Word for word, set down every line of the entries below from the line with "Кульмінацією заходу стало" to the line with "Pulsamos en Deliver", including both, and no other line.
Segment Start: Records for this task
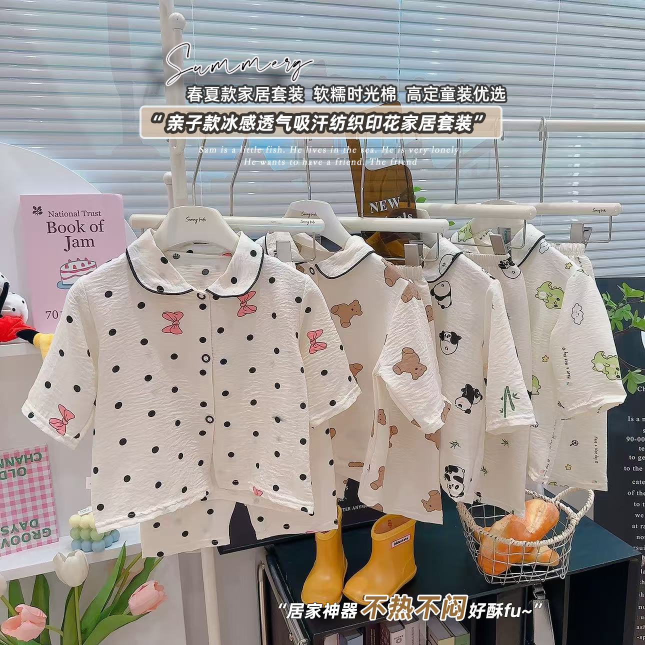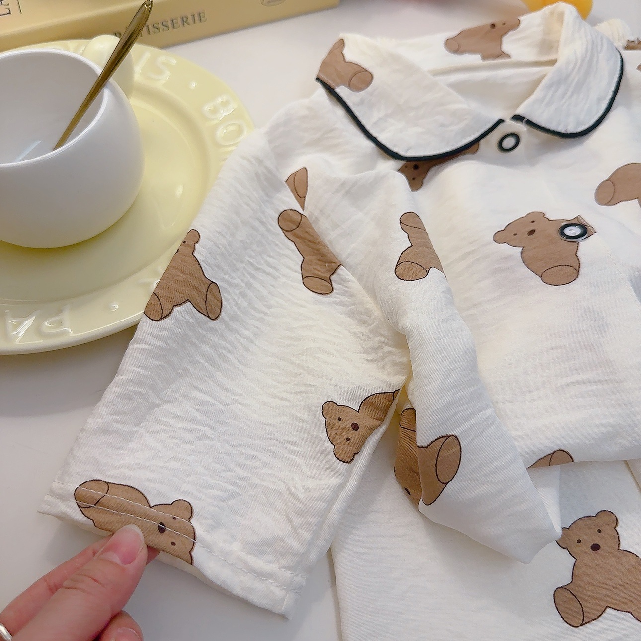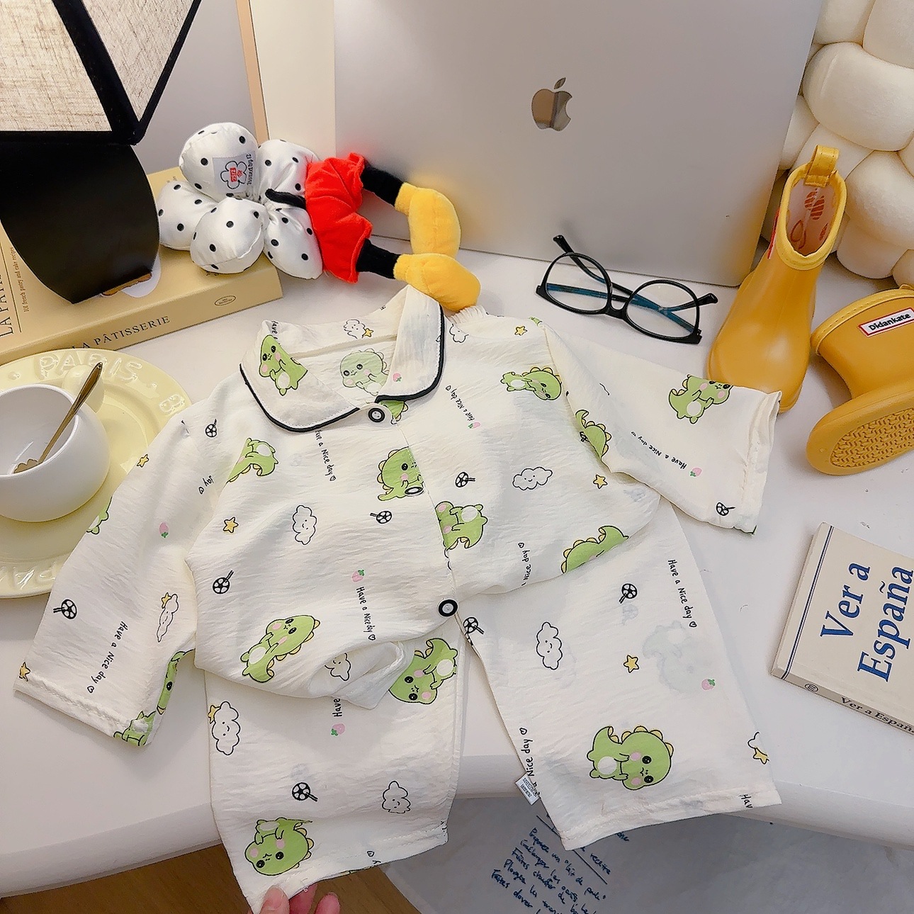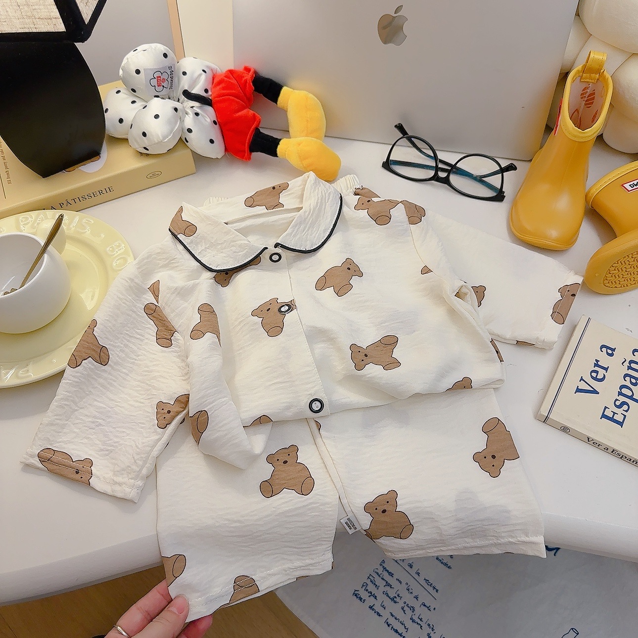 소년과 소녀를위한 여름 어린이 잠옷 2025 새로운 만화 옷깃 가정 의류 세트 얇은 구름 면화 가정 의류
Segment End: Records for this task
Segment Start: Records for this task
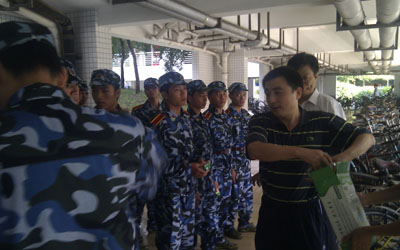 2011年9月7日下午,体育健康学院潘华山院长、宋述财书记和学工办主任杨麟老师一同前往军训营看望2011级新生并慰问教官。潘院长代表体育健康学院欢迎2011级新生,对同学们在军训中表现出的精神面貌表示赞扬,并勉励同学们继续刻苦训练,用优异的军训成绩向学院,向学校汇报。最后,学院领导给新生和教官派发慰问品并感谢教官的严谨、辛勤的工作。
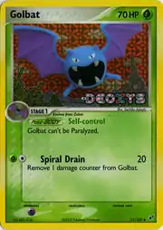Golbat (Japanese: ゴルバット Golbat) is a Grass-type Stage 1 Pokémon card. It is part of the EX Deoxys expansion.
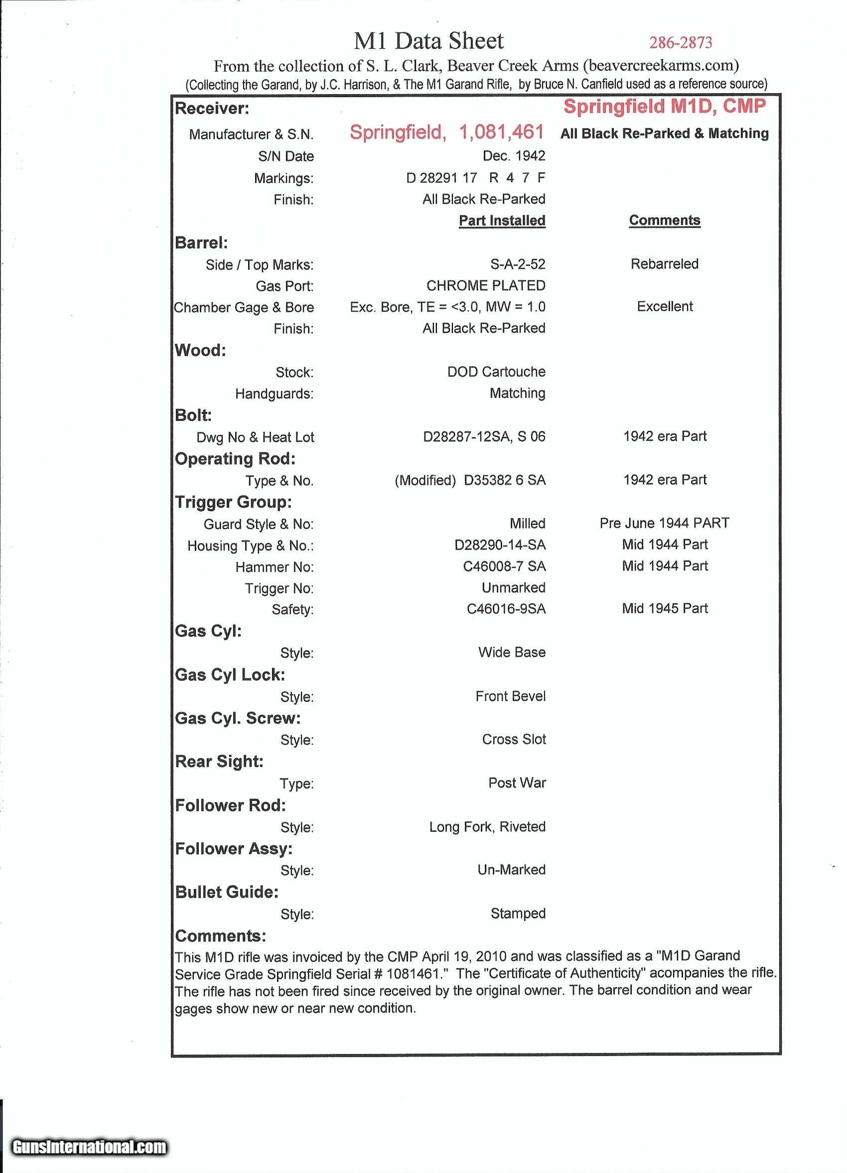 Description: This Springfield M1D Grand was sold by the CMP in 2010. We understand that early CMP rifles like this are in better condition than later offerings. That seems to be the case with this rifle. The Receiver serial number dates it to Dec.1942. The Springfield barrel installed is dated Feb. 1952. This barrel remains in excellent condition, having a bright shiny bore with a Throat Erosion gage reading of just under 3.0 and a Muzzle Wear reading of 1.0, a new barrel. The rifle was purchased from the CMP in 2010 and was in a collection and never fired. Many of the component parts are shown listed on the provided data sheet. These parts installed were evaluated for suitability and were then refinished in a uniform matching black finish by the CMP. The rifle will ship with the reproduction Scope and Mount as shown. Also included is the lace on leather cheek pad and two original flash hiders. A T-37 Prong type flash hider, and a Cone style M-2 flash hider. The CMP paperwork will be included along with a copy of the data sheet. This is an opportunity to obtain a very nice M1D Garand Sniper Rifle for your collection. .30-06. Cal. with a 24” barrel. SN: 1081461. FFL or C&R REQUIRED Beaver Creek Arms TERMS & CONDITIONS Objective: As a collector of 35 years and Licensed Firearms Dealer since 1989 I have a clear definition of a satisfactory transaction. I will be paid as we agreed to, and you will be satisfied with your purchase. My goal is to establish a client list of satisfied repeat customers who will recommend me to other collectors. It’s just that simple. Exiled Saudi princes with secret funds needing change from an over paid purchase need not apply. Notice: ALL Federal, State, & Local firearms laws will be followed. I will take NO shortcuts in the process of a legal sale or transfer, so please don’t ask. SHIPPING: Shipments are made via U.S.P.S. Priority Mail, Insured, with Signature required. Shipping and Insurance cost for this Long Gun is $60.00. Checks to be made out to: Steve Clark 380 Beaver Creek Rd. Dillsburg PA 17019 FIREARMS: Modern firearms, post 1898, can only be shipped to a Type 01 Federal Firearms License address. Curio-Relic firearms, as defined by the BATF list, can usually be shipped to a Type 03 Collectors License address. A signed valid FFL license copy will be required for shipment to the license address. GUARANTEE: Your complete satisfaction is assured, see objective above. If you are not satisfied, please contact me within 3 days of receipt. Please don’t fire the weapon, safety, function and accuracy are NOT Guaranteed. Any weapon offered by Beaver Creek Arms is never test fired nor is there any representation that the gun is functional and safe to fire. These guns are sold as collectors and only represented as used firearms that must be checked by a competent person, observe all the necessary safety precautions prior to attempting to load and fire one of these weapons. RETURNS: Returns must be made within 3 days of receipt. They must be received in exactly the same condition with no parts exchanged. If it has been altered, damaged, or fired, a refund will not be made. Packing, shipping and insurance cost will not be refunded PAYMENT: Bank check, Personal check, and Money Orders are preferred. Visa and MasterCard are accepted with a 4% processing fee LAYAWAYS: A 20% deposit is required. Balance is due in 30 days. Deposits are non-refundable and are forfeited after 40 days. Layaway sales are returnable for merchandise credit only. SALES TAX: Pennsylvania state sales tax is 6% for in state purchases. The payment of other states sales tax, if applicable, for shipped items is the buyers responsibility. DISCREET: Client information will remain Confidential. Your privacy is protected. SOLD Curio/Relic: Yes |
Segment End: Records for this task
Segment Start: Records for this task
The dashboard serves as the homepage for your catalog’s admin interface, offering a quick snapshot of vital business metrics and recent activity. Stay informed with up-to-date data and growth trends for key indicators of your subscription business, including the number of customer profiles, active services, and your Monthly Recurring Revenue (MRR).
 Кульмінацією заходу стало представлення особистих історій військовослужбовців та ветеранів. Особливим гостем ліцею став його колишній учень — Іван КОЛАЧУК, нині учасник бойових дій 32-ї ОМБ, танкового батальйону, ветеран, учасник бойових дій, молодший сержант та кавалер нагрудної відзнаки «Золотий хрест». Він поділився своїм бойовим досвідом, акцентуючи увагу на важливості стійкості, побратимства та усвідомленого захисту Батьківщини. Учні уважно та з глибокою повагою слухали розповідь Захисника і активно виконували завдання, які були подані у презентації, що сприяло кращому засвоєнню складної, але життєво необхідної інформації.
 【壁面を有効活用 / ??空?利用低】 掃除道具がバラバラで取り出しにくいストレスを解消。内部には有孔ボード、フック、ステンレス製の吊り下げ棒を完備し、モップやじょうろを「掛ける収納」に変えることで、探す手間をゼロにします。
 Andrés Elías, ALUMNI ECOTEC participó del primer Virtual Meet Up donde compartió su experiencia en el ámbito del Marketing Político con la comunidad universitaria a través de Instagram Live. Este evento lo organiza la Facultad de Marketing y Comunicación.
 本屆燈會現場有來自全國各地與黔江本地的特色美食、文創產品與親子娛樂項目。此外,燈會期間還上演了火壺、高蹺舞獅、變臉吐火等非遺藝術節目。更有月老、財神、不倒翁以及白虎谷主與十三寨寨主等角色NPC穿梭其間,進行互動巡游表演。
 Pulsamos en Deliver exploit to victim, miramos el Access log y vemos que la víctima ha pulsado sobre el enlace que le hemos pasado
Segment End: Records for this task
● Result:
 Кульмінацією заходу стало представлення особистих історій військовослужбовців та ветеранів. Особливим гостем ліцею став його колишній учень — Іван КОЛАЧУК, нині учасник бойових дій 32-ї ОМБ, танкового батальйону, ветеран, учасник бойових дій, молодший сержант та кавалер нагрудної відзнаки «Золотий хрест». Він поділився своїм бойовим досвідом, акцентуючи увагу на важливості стійкості, побратимства та усвідомленого захисту Батьківщини. Учні уважно та з глибокою повагою слухали розповідь Захисника і активно виконували завдання, які були подані у презентації, що сприяло кращому засвоєнню складної, але життєво необхідної інформації.
 【壁面を有効活用 / ??空?利用低】 掃除道具がバラバラで取り出しにくいストレスを解消。内部には有孔ボード、フック、ステンレス製の吊り下げ棒を完備し、モップやじょうろを「掛ける収納」に変えることで、探す手間をゼロにします。
 Andrés Elías, ALUMNI ECOTEC participó del primer Virtual Meet Up donde compartió su experiencia en el ámbito del Marketing Político con la comunidad universitaria a través de Instagram Live. Este evento lo organiza la Facultad de Marketing y Comunicación.
 本屆燈會現場有來自全國各地與黔江本地的特色美食、文創產品與親子娛樂項目。此外,燈會期間還上演了火壺、高蹺舞獅、變臉吐火等非遺藝術節目。更有月老、財神、不倒翁以及白虎谷主與十三寨寨主等角色NPC穿梭其間,進行互動巡游表演。
 Pulsamos en Deliver exploit to victim, miramos el Access log y vemos que la víctima ha pulsado sobre el enlace que le hemos pasado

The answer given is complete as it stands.